#### WHAT NEEDS TO BE DONE
Print out each entry below exactly, please.

RECORDED INFORMATION section start

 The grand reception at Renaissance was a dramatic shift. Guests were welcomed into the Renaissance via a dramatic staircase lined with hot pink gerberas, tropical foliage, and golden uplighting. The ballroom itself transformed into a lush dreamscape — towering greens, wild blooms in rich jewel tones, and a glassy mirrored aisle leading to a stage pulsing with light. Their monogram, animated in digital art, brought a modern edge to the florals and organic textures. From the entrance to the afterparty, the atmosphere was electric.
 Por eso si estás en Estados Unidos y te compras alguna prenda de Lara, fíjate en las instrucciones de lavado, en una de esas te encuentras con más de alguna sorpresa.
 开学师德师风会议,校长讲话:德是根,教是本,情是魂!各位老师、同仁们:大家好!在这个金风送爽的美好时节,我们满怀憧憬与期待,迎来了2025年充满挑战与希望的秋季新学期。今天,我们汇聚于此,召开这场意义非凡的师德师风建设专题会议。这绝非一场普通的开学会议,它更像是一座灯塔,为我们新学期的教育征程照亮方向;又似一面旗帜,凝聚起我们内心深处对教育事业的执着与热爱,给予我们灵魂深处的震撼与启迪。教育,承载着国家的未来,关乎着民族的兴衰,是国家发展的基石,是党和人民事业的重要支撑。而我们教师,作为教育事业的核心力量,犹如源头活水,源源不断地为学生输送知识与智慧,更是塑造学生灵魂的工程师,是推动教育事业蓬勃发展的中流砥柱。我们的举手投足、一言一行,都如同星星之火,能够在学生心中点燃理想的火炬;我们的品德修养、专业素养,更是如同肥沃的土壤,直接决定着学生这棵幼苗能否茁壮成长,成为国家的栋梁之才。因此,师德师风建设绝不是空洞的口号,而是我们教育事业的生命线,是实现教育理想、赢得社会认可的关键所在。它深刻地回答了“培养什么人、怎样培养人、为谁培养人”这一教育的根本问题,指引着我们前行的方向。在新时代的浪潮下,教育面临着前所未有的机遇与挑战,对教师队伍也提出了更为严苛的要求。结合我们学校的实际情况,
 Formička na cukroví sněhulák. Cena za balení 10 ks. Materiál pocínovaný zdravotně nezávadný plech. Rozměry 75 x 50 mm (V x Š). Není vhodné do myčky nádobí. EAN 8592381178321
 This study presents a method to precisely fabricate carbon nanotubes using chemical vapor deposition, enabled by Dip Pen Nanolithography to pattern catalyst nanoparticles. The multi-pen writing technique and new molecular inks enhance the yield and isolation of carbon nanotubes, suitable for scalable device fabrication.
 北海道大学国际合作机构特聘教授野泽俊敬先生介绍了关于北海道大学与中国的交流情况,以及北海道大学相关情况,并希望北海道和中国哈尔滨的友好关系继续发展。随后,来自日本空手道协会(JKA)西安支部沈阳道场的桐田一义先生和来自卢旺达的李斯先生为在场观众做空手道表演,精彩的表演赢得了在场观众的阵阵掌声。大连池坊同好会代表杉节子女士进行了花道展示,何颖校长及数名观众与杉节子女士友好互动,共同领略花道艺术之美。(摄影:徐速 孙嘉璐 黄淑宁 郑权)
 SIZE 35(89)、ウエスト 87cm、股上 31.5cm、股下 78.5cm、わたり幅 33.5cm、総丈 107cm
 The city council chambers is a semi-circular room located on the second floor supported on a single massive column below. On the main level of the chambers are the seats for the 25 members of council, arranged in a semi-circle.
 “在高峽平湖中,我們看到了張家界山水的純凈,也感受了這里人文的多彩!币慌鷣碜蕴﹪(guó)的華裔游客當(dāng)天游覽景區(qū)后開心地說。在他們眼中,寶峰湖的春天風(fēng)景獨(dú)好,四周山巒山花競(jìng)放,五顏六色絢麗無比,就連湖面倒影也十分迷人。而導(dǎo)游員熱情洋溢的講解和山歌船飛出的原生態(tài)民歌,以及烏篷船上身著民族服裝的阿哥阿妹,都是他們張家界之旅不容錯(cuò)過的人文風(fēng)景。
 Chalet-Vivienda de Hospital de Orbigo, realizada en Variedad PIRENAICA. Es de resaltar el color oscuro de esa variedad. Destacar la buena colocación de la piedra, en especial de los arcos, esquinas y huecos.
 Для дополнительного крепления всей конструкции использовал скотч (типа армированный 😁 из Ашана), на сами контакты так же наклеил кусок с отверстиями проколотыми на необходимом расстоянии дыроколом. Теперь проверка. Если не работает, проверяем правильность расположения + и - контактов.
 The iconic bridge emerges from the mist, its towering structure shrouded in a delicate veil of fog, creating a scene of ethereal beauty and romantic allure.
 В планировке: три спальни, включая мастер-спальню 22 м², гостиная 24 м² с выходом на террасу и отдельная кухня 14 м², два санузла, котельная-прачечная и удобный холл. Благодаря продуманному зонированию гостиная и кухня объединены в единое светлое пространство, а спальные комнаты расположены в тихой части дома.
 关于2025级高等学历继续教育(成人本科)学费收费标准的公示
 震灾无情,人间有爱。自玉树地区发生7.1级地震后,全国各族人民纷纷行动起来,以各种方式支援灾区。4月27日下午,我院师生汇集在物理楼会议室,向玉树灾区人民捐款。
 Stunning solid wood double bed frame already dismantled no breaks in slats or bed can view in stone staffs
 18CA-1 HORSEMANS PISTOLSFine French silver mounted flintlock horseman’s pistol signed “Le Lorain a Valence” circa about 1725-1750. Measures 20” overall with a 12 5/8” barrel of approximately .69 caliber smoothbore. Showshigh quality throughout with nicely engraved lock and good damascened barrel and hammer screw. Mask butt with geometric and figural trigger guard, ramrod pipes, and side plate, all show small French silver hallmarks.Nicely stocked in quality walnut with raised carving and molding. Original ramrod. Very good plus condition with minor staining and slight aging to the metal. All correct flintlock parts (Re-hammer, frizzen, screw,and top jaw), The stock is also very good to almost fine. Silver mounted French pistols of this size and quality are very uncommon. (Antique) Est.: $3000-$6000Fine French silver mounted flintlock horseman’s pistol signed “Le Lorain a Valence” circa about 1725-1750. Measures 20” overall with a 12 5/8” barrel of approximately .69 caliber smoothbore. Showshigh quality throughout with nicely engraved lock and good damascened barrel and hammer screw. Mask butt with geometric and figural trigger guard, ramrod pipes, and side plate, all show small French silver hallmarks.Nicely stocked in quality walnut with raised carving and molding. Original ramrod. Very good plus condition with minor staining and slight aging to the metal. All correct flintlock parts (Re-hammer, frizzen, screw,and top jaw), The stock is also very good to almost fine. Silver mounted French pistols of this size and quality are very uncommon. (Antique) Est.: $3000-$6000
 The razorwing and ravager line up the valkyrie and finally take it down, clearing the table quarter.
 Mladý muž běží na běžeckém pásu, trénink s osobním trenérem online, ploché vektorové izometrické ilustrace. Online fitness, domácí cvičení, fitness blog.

RECORDED INFORMATION section end

#### OUTPUT FOR THIS TASK
 The grand reception at Renaissance was a dramatic shift. Guests were welcomed into the Renaissance via a dramatic staircase lined with hot pink gerberas, tropical foliage, and golden uplighting. The ballroom itself transformed into a lush dreamscape — towering greens, wild blooms in rich jewel tones, and a glassy mirrored aisle leading to a stage pulsing with light. Their monogram, animated in digital art, brought a modern edge to the florals and organic textures. From the entrance to the afterparty, the atmosphere was electric.
 Por eso si estás en Estados Unidos y te compras alguna prenda de Lara, fíjate en las instrucciones de lavado, en una de esas te encuentras con más de alguna sorpresa.
 开学师德师风会议,校长讲话:德是根,教是本,情是魂!各位老师、同仁们:大家好!在这个金风送爽的美好时节,我们满怀憧憬与期待,迎来了2025年充满挑战与希望的秋季新学期。今天,我们汇聚于此,召开这场意义非凡的师德师风建设专题会议。这绝非一场普通的开学会议,它更像是一座灯塔,为我们新学期的教育征程照亮方向;又似一面旗帜,凝聚起我们内心深处对教育事业的执着与热爱,给予我们灵魂深处的震撼与启迪。教育,承载着国家的未来,关乎着民族的兴衰,是国家发展的基石,是党和人民事业的重要支撑。而我们教师,作为教育事业的核心力量,犹如源头活水,源源不断地为学生输送知识与智慧,更是塑造学生灵魂的工程师,是推动教育事业蓬勃发展的中流砥柱。我们的举手投足、一言一行,都如同星星之火,能够在学生心中点燃理想的火炬;我们的品德修养、专业素养,更是如同肥沃的土壤,直接决定着学生这棵幼苗能否茁壮成长,成为国家的栋梁之才。因此,师德师风建设绝不是空洞的口号,而是我们教育事业的生命线,是实现教育理想、赢得社会认可的关键所在。它深刻地回答了“培养什么人、怎样培养人、为谁培养人”这一教育的根本问题,指引着我们前行的方向。在新时代的浪潮下,教育面临着前所未有的机遇与挑战,对教师队伍也提出了更为严苛的要求。结合我们学校的实际情况,
 Formička na cukroví sněhulák. Cena za balení 10 ks. Materiál pocínovaný zdravotně nezávadný plech. Rozměry 75 x 50 mm (V x Š). Není vhodné do myčky nádobí. EAN 8592381178321
 This study presents a method to precisely fabricate carbon nanotubes using chemical vapor deposition, enabled by Dip Pen Nanolithography to pattern catalyst nanoparticles. The multi-pen writing technique and new molecular inks enhance the yield and isolation of carbon nanotubes, suitable for scalable device fabrication.
 北海道大学国际合作机构特聘教授野泽俊敬先生介绍了关于北海道大学与中国的交流情况,以及北海道大学相关情况,并希望北海道和中国哈尔滨的友好关系继续发展。随后,来自日本空手道协会(JKA)西安支部沈阳道场的桐田一义先生和来自卢旺达的李斯先生为在场观众做空手道表演,精彩的表演赢得了在场观众的阵阵掌声。大连池坊同好会代表杉节子女士进行了花道展示,何颖校长及数名观众与杉节子女士友好互动,共同领略花道艺术之美。(摄影:徐速 孙嘉璐 黄淑宁 郑权)
 SIZE 35(89)、ウエスト 87cm、股上 31.5cm、股下 78.5cm、わたり幅 33.5cm、総丈 107cm
 The city council chambers is a semi-circular room located on the second floor supported on a single massive column below. On the main level of the chambers are the seats for the 25 members of council, arranged in a semi-circle.
 “在高峽平湖中,我們看到了張家界山水的純凈,也感受了這里人文的多彩!币慌鷣碜蕴﹪(guó)的華裔游客當(dāng)天游覽景區(qū)后開心地說。在他們眼中,寶峰湖的春天風(fēng)景獨(dú)好,四周山巒山花競(jìng)放,五顏六色絢麗無比,就連湖面倒影也十分迷人。而導(dǎo)游員熱情洋溢的講解和山歌船飛出的原生態(tài)民歌,以及烏篷船上身著民族服裝的阿哥阿妹,都是他們張家界之旅不容錯(cuò)過的人文風(fēng)景。
 Chalet-Vivienda de Hospital de Orbigo, realizada en Variedad PIRENAICA. Es de resaltar el color oscuro de esa variedad. Destacar la buena colocación de la piedra, en especial de los arcos, esquinas y huecos.
 Для дополнительного крепления всей конструкции использовал скотч (типа армированный 😁 из Ашана), на сами контакты так же наклеил кусок с отверстиями проколотыми на необходимом расстоянии дыроколом. Теперь проверка. Если не работает, проверяем правильность расположения + и - контактов.
 The iconic bridge emerges from the mist, its towering structure shrouded in a delicate veil of fog, creating a scene of ethereal beauty and romantic allure.
 В планировке: три спальни, включая мастер-спальню 22 м², гостиная 24 м² с выходом на террасу и отдельная кухня 14 м², два санузла, котельная-прачечная и удобный холл. Благодаря продуманному зонированию гостиная и кухня объединены в единое светлое пространство, а спальные комнаты расположены в тихой части дома.
 关于2025级高等学历继续教育(成人本科)学费收费标准的公示
 震灾无情,人间有爱。自玉树地区发生7.1级地震后,全国各族人民纷纷行动起来,以各种方式支援灾区。4月27日下午,我院师生汇集在物理楼会议室,向玉树灾区人民捐款。
 Stunning solid wood double bed frame already dismantled no breaks in slats or bed can view in stone staffs
 18CA-1 HORSEMANS PISTOLSFine French silver mounted flintlock horseman’s pistol signed “Le Lorain a Valence” circa about 1725-1750. Measures 20” overall with a 12 5/8” barrel of approximately .69 caliber smoothbore. Showshigh quality throughout with nicely engraved lock and good damascened barrel and hammer screw. Mask butt with geometric and figural trigger guard, ramrod pipes, and side plate, all show small French silver hallmarks.Nicely stocked in quality walnut with raised carving and molding. Original ramrod. Very good plus condition with minor staining and slight aging to the metal. All correct flintlock parts (Re-hammer, frizzen, screw,and top jaw), The stock is also very good to almost fine. Silver mounted French pistols of this size and quality are very uncommon. (Antique) Est.: $3000-$6000Fine French silver mounted flintlock horseman’s pistol signed “Le Lorain a Valence” circa about 1725-1750. Measures 20” overall with a 12 5/8” barrel of approximately .69 caliber smoothbore. Showshigh quality throughout with nicely engraved lock and good damascened barrel and hammer screw. Mask butt with geometric and figural trigger guard, ramrod pipes, and side plate, all show small French silver hallmarks.Nicely stocked in quality walnut with raised carving and molding. Original ramrod. Very good plus condition with minor staining and slight aging to the metal. All correct flintlock parts (Re-hammer, frizzen, screw,and top jaw), The stock is also very good to almost fine. Silver mounted French pistols of this size and quality are very uncommon. (Antique) Est.: $3000-$6000
 The razorwing and ravager line up the valkyrie and finally take it down, clearing the table quarter.
 Mladý muž běží na běžeckém pásu, trénink s osobním trenérem online, ploché vektorové izometrické ilustrace. Online fitness, domácí cvičení, fitness blog.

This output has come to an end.